◆ Your instructions ◆
Set out exactly, and only, the lines running from the one containing "Belo serviço azul" to the bottom of the listing below; pictures stay out.

◆ Data ◆
▼▼▼

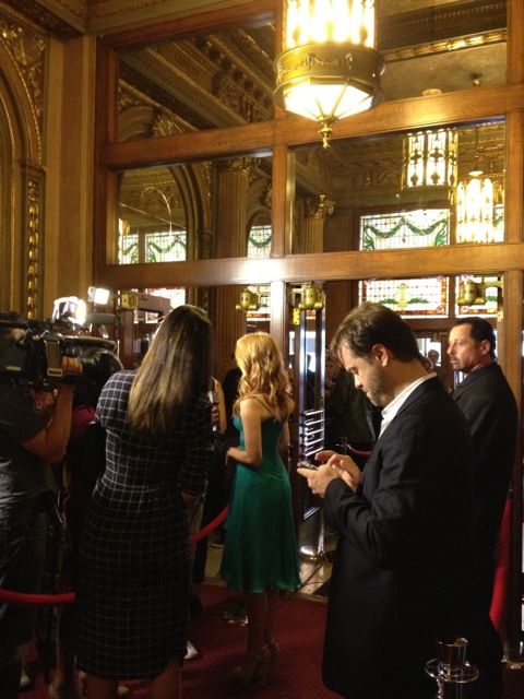 After over an hour waiting inline outside, we were ushered into the historic building (100th anniversary this year) that housed the beautiful Elgin and the Winter Garden Theatres. And lo and behold, I saw Jessica Chastain standing right there in a press line answering questions. Who can take a focused shot with steady hands while being herded like sheep quickly passing by Jessica Chastain?
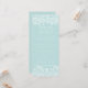 Belo serviço azul claro e branco com espirais florais brancos e escrolagem. O trabalho detalhado de rolagem floral e os toalhetes enquadram o texto. Todo o texto pode ser mudado de acordo com suas próprias necessidades. A cor e o posicionamento também podem ser alterados. Por favor, note que este é um azul leveTiffany. Se você quiser uma combinação personalizada de cores para se adequar ao seu casamento, clique em 'Contato' acima. Não se esqueça de verificar todos os itens correspondentes para coordenar totalmente seu casamento ou evento!
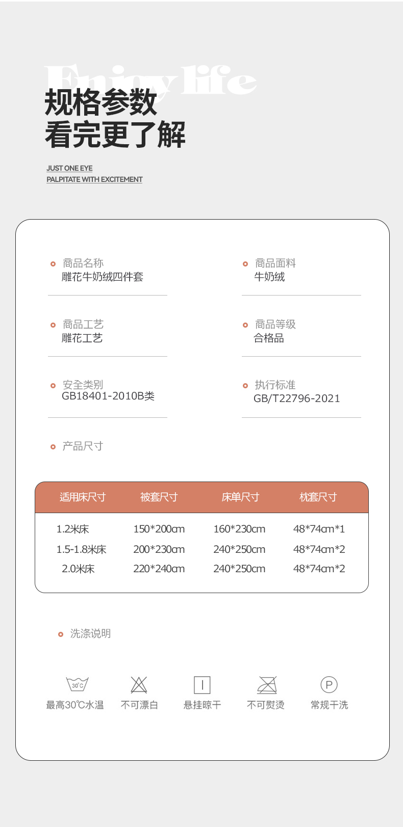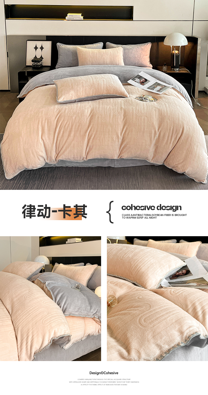 商品名称:澳梵 2023新款雕花牛奶绒贝壳边工艺四件套 律动-卡其

▲▲▲

◆ Answer space ◆
 Belo serviço azul claro e branco com espirais florais brancos e escrolagem. O trabalho detalhado de rolagem floral e os toalhetes enquadram o texto. Todo o texto pode ser mudado de acordo com suas próprias necessidades. A cor e o posicionamento também podem ser alterados. Por favor, note que este é um azul leveTiffany. Se você quiser uma combinação personalizada de cores para se adequar ao seu casamento, clique em 'Contato' acima. Não se esqueça de verificar todos os itens correspondentes para coordenar totalmente seu casamento ou evento!
 商品名称:澳梵 2023新款雕花牛奶绒贝壳边工艺四件套 律动-卡其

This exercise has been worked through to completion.